Since then, she has made it her life's work to resuscitate these arts. Like a detective, Nakonechny seeks out the old-timers who defied Soviet rules (variation in local traditions was suppressed in favor of a homogenized national identity), and kept up traditions. Her interest and skills spread from embroidery to weaving and then beadwork.

Folk art is a family affair, to a degree. Her husband, Yury, 73, a mechanic as well as a Ukrainian radio show host, has a talent for decorating eggs in the Ukrainian style of geometric patterns. Both of the couple's daughters know embroidery.

"Vera has done an amazing amount of work to keep these traditions going in the Ukrainian community," says Amy Skillman, a folklorist and former director of the State Folklife Program at the Pennsylvania Heritage Affairs Commission, who has known Nakonechny for years. "In some ways, she has created a resurgence of interest."

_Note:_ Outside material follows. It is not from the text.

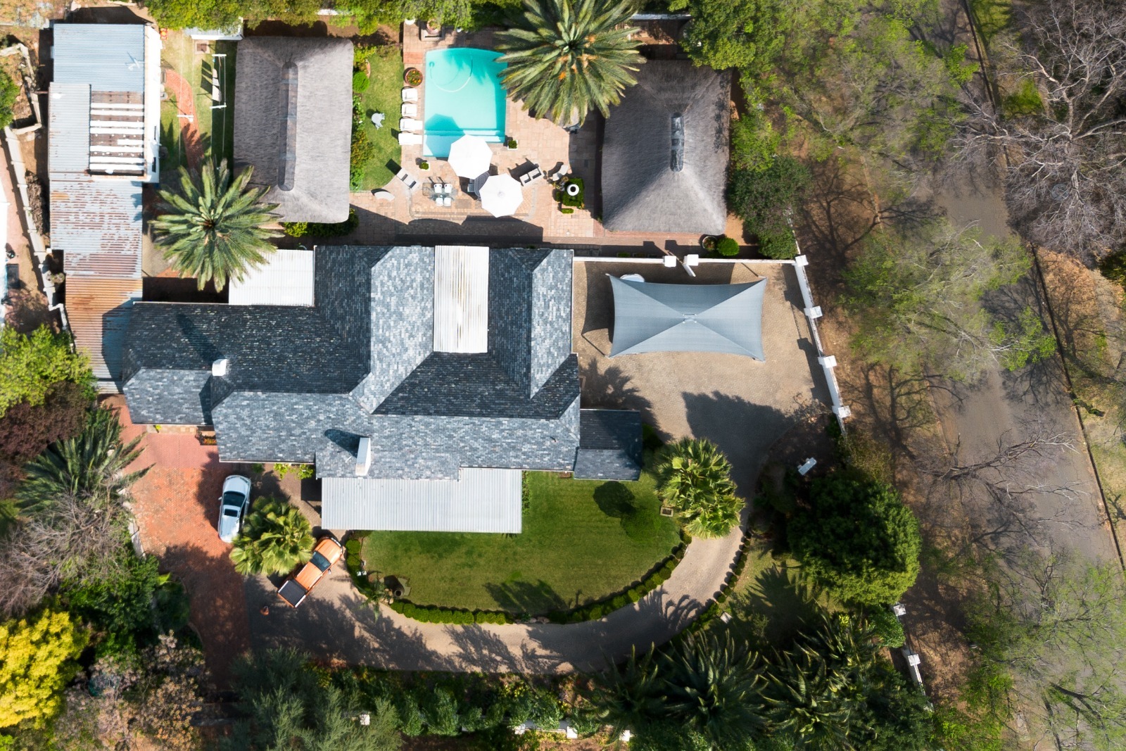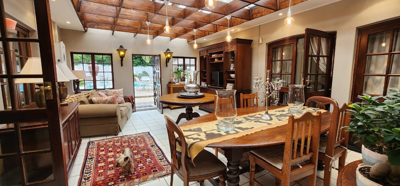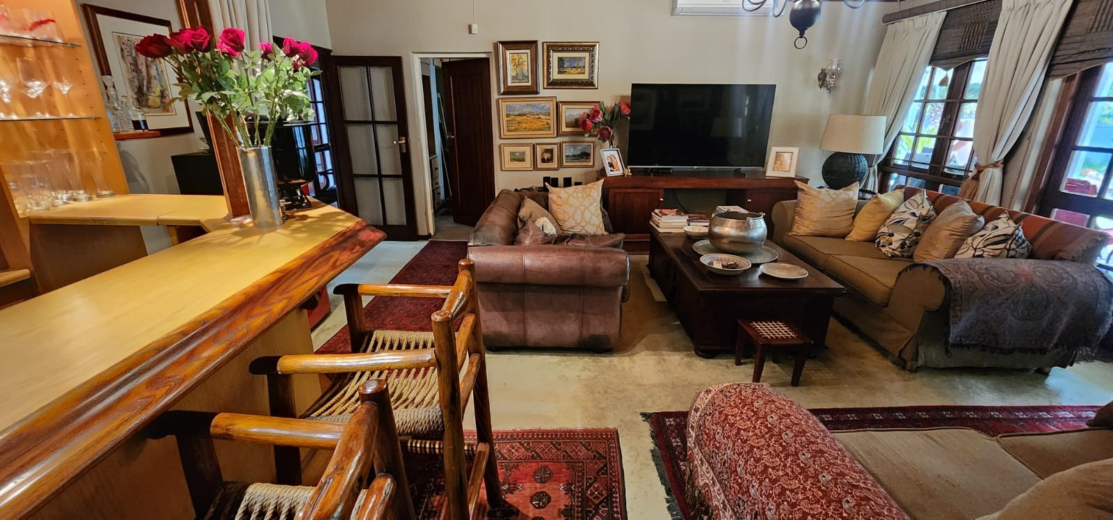 The property offers a total of 6 bedrooms and 6 bathrooms, comfortably accommodating 16-18 guests per night. All the bedrooms and cottages have private entrances. The main house boasts 4 spacious en-suite bedrooms, 3 of which are fitted with kitchenettes for guest convenience. The fourth bedroom has a lovely dressing room with ample built-in cupboards. The welcoming lounge, dining room, and bar area create a warm and inviting space for relaxation and entertaining.

In fact, the Philadelphia woman has garnered attention in Ukraine for knowing more than many of its natives.

On a windowsill, a feathered headdress - easily a contender for a Mummer's fancy dress - demands attention. Intended for a bride, it is a mountain of white goose feathers (plucked from under the neck, Nakonechny says) and paper roses, mums, and periwinkle. A centerpiece of flowers and beads made with the complicated bullion stitch adorns the front.

Some of Nakonechny's 30 headdresses can take only a few hours to assemble, others months. On top of that, she spends enormous time on research and acquiring the components.

This feather one, in particular, demanded a lot.

In 2010 during a visit to Ukraine, Nakonechny saw a feather piece at a museum in western Ukraine and learned that it was specific to the village of Velykyi Klyuchiv. Of course, she had to learn to make it. A village grandmother showed her.

A couple of years later, Nakonechny returned to show the woman her finished piece, to get her blessing. But the old woman had died. If not for Nakonechny, the details needed to make the headdress also would have perished. Instead, she offered to conduct a workshop for any takers.

Nearby, another headdress on a form consists of a woven band and a rainbow of colored yarn that trails behind. Buttons and cowrie shells from Africa (historically acquired from merchants) are braided in the form's hair. A third piece shows off pom-poms and a spray of peacock feathers.

"This is my passion," she says. "I reproduce. I replicate all the traditions. I don't have time to create."

She thinks for a moment and then says: "The old things are so beautiful. What can you really add on your own?"